- YOUR ASSIGNMENT:
Since pictures are not wanted in the copy, output only the rest of each record exactly.

- PROVIDED DATA:
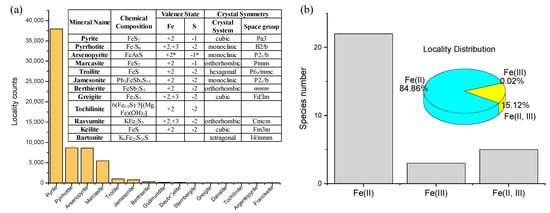 (a) Distribution and chemical diversity (chemical composition, Fe/S valence states, and crystal symmetry) of Fe single-metal sulfides. (b) Relative abundances and locality distribution of Fe2+-, Fe3+-, and Fe2+ plus Fe3+-sulfides. Note that the valence state of arsenopyrite (Fe3+(AsS)3−) in the RRUFF mineral database is examined as (Fe2+(AsS)2−) in this review based on electric spectroscopic observations [76,77].
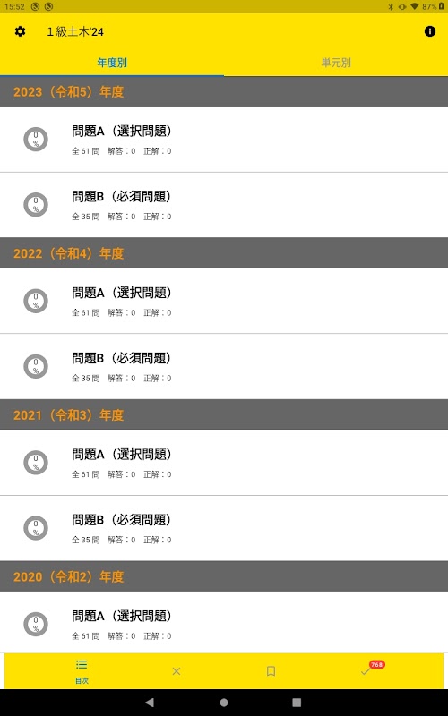 Anda dapat memeriksa tingkat jawaban/tingkat jawaban yang benar berdasarkan tahun dan satuan dalam grafik, sehingga Anda dapat melihat sekilas kelemahan Anda.
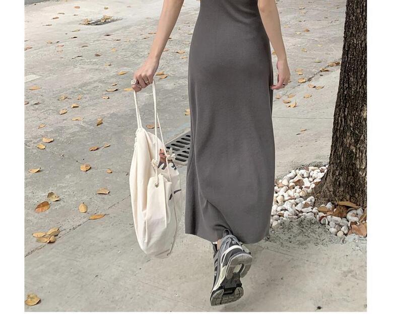 에퀴르 여성 봄 여름 라운드넥 편한 데일리 니트 민소매 롱 원피스
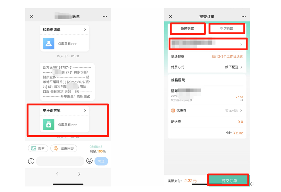 四、進入溝通頁面,醫生可在線開具檢查檢驗及處方,點擊待繳費提醒或檢查檢驗申請單、電子處方箋進行繳費,線上繳費后即可到院就醫或取藥。慢性病患者支付時可選擇快遞免費送藥到家的服務。
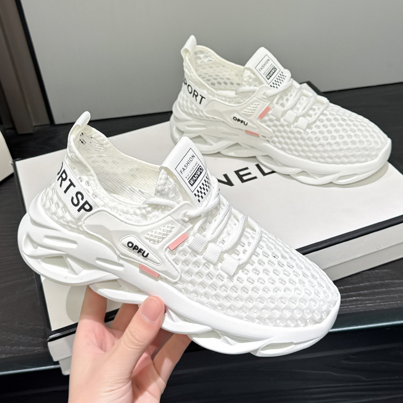 여성 신발 여름 플라이 니트 운동화 여성 통기성 캐주얼 학생 한국식 Ins 올매치 트렌디 화이트 슈즈 런닝 슈즈
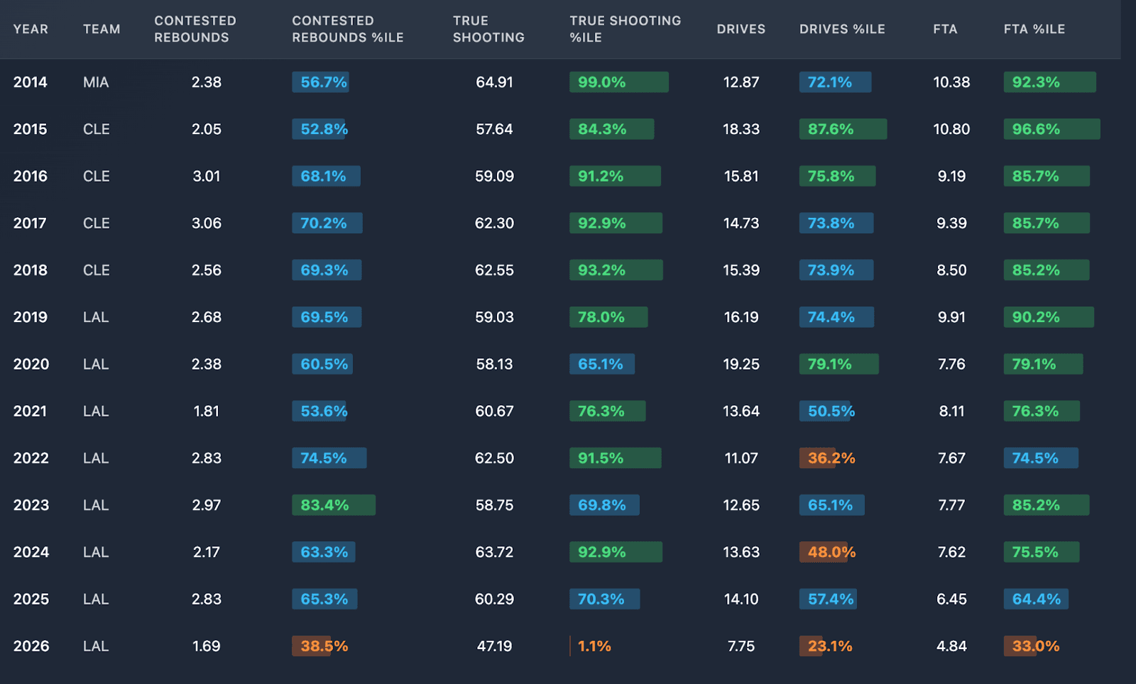 As seen above, James has much less on-ball responsibility than normal. But he’s yet to have a positive impact in other areas—be it steals, blocks, rebounds—while starting out as one of the least efficient scorers in the league. He isn’t attacking the basket, getting to the free throw line, or finishing in the paint like he used to.
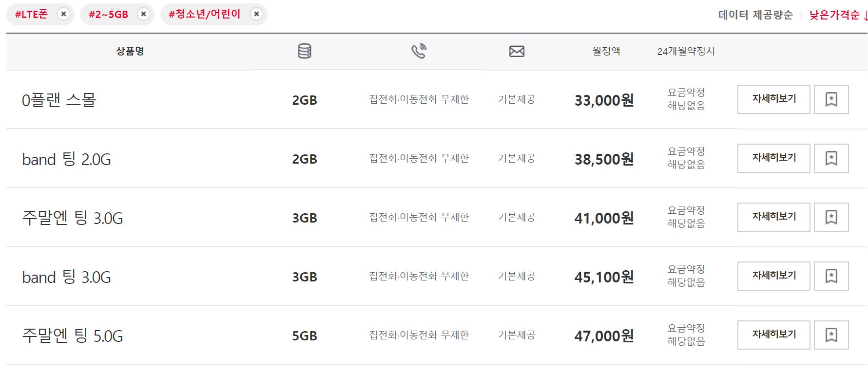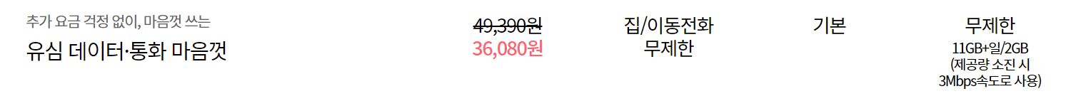 일단 기존은 SKT 요금제로 3만원 정도 냈는데, 언제나 데이터가 부족해서 넘겨줘야했다.

- COMPLETED TASK:
 (a) Distribution and chemical diversity (chemical composition, Fe/S valence states, and crystal symmetry) of Fe single-metal sulfides. (b) Relative abundances and locality distribution of Fe2+-, Fe3+-, and Fe2+ plus Fe3+-sulfides. Note that the valence state of arsenopyrite (Fe3+(AsS)3−) in the RRUFF mineral database is examined as (Fe2+(AsS)2−) in this review based on electric spectroscopic observations [76,77].
 Anda dapat memeriksa tingkat jawaban/tingkat jawaban yang benar berdasarkan tahun dan satuan dalam grafik, sehingga Anda dapat melihat sekilas kelemahan Anda.
 에퀴르 여성 봄 여름 라운드넥 편한 데일리 니트 민소매 롱 원피스
 四、進入溝通頁面,醫生可在線開具檢查檢驗及處方,點擊待繳費提醒或檢查檢驗申請單、電子處方箋進行繳費,線上繳費后即可到院就醫或取藥。慢性病患者支付時可選擇快遞免費送藥到家的服務。
 여성 신발 여름 플라이 니트 운동화 여성 통기성 캐주얼 학생 한국식 Ins 올매치 트렌디 화이트 슈즈 런닝 슈즈
 As seen above, James has much less on-ball responsibility than normal. But he’s yet to have a positive impact in other areas—be it steals, blocks, rebounds—while starting out as one of the least efficient scorers in the league. He isn’t attacking the basket, getting to the free throw line, or finishing in the paint like he used to.
 일단 기존은 SKT 요금제로 3만원 정도 냈는데, 언제나 데이터가 부족해서 넘겨줘야했다.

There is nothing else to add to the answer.